By Kevin Fallon
Actor Cory Monteith’s tragic death at age 31 is a gutting loss for countless reasons. And while the fallout for his show Glee is practically inconsequential compared to the pain his family and friends now face, it’s inevitable that Fox’s writers must at some point address the dilemma.
Deadline reports that the first two episodes of season five of the series have already been written, and shooting was set to begin as early as next month. A number of TV series have had to deal with an actor’s death in the midst of a run before—just this past year, TNT’s Dallas reboot was forced to write the death of Larry Hagman into the show. But with scripts already written and production about to begin, Glee is facing an unenviable time crunch, making the question of how Monteith’s death will affect the show an especially pressing one.

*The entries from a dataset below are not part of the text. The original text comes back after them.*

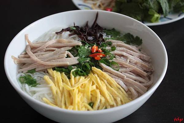 越南人常佐以生芽菜、香葉,並配上切片牛肉或雞絲食用,
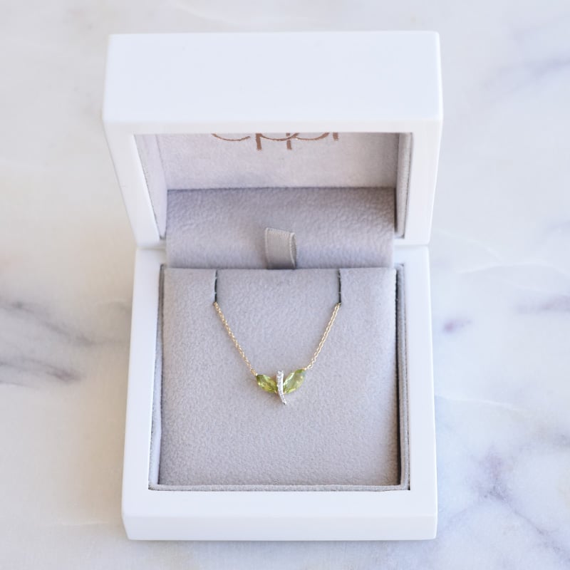 • ein besonderer Hingucker ist das schön verarbeitete Schmetterlingmotiv, das den Kontrast zwischen weißen Diamanten und grünen Amethysten betont
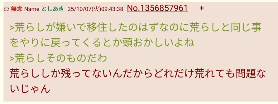… | 264無題Name名無し 25/10/06(月)22:42:40 IP:119.238.*(mesh.ad.jp)No.2665670そうだねx8>頭抱えるレスって意図的に出すの難しいと思う |
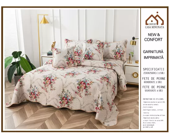 Cuvertura Pat din Bumbac este compusa din 5 piese si este realizata din bumbac 100%. Cuvertura de pat este rezistenta la spalari repetate. Pernele decorative creaza senzatia de confort si relaxare. Decoreaza dormitorul cu eleganta cuverturei de pat din bumbac.
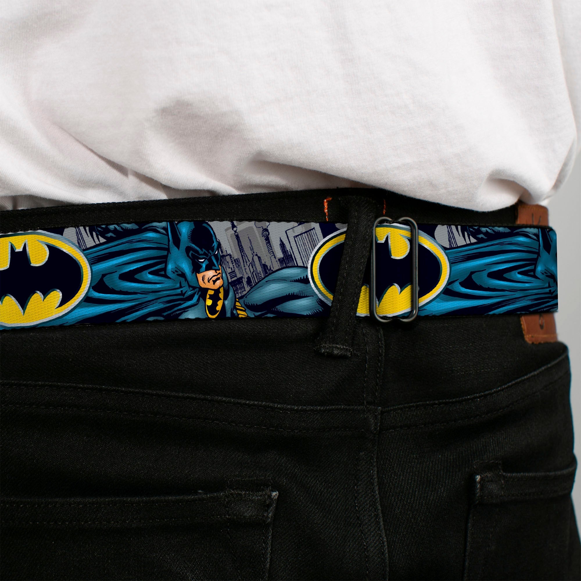 Batman Full Color Black Yellow Seatbelt Belt - Batman Bold Power Pose/Logo/Skyline Grays/Black Webbing
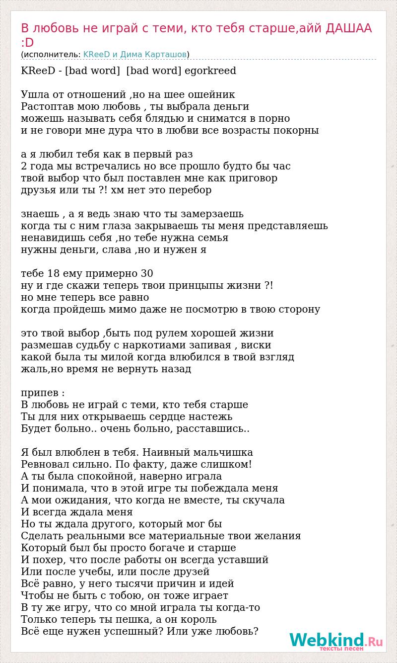 KReeD - [bad word] [bad word] egorkreed Ушла от отношений ,но на шее ошейник Растоптав мою любовь , ты выбрала деньги можешь называть себя блядью и сниматся в порно и не говори мне дура что в любви все возрасты покорны а я любил тебя как в первый раз 2 года мы встречались но все прошло будто бы час твой выбор что был поставлен мне как приговор друзья или ты ?! хм нет это перебор знаешь , а я ведь знаю что ты замерзаешь когда ты с ним глаза закрываешь ты меня представляешь ненавидишь себя ,но тебе нужна семья нужны деньги, слава ,но и нужен я тебе 18 ему примерно 30 ну и где скажи теперь твои принцыпы жизни ?! но мне теперь все равно когда пройдешь мимо даже не посмотрю в твою сторону это твой выбор ,быть под рулем хорошей жизни размешав судьбу с наркотиами запивая , виски какой была ты милой когда влюбился в твой взгляд жаль,но время не вернуть назад припев : В любовь не играй с теми, кто тебя старше Ты для них открываешь сердце настежь Будет больно.. очень больно, расставшись.. Я был влюблен в тебя. Наивный мальчишка Ревновал сильно. По факту, даже слишком! А ты была спокойной, наверно играла И понимала, что в этой игре ты побеждала меня А мои ожидания, что когда не вместе, ты скучала И всегда ждала меня Но ты ждала другого, который мог бы Сделать реальными все материальные твои желания Который был бы просто богаче и старше И похер, что после работы он всегда уставший Или после учебы, или после друзей Всё равно, у него тысячи причин и идей Чтобы не быть с тобою, он тоже играет В ту же игру, что со мной играла ты когда-то Только теперь ты пешка, а он король Всё еще нужен успешный? Или уже любовь?

It is, as tragic as seems, the typical response for TV series to kill off the character when an actor dies in the middle of a show’s run. When John Spencer died of a heart attack in 2005, his character, Leo McGarry, met the same fate on seventh season of The West Wing. When John Ritter died in September 2003, 8 Simple Rules took a two month hiatus before returning with an episode that began with Ritter’s character succumbing to an off-screen heart-attack. When Suddenly Susan actor David Strickland killed himself in 1999, the character died on the show, too.
The Sopranos and the Dallas reboot both turned to computer trickery to create a few final scenes with its departed actors—Nancy Marchand in The Sopranos and Hagman in Dallas—before having the characters die on the show, too.